> **Work to be completed**
Your task is to repeat the lines below exactly, excluding any pictures they contain.

> **Collected data**
────────────────
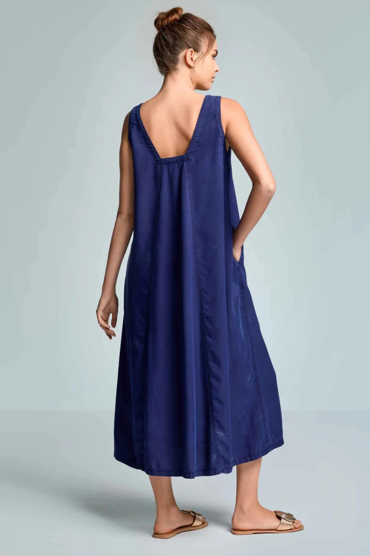 Sukienka maxi bez rękawów z Tencelu granatowa
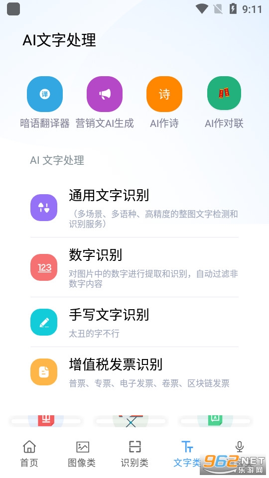 有暗语翻译、营销文AI生成、AI作诗、AI对联、通用文字识别、手写文字识别、发票识别等等,看不懂别人写的字,直接识别;什么藏头诗、营销小作文一键生成。
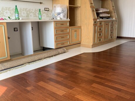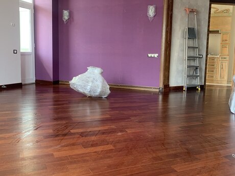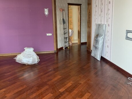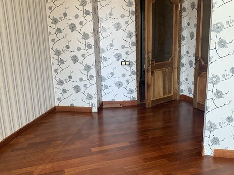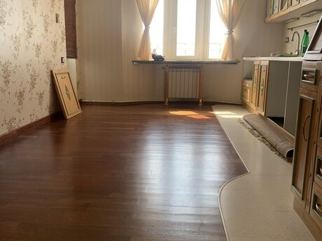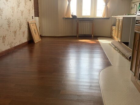 3 otaqli temirli menzil.Parket qirmizi agacdan,qapilar qoz agacindan,metbex mebeli göyuş agacindan yigilib.2 sanuzel,3 eded kond. var.Yataq otaqlar iç-içe oldugu ucun bu qiymete verilir.Qiymet pod mayak qiymetine temirli menzil. Menzil qanuni 3 otaqdir.Sadece dizaynla uwaq yataq otagini qarderob otagi edilmiwdir.
────────────────
> **The completed task**
 Sukienka maxi bez rękawów z Tencelu granatowa
 有暗语翻译、营销文AI生成、AI作诗、AI对联、通用文字识别、手写文字识别、发票识别等等,看不懂别人写的字,直接识别;什么藏头诗、营销小作文一键生成。
 3 otaqli temirli menzil.Parket qirmizi agacdan,qapilar qoz agacindan,metbex mebeli göyuş agacindan yigilib.2 sanuzel,3 eded kond. var.Yataq otaqlar iç-içe oldugu ucun bu qiymete verilir.Qiymet pod mayak qiymetine temirli menzil. Menzil qanuni 3 otaqdir.Sadece dizaynla uwaq yataq otagini qarderob otagi edilmiwdir.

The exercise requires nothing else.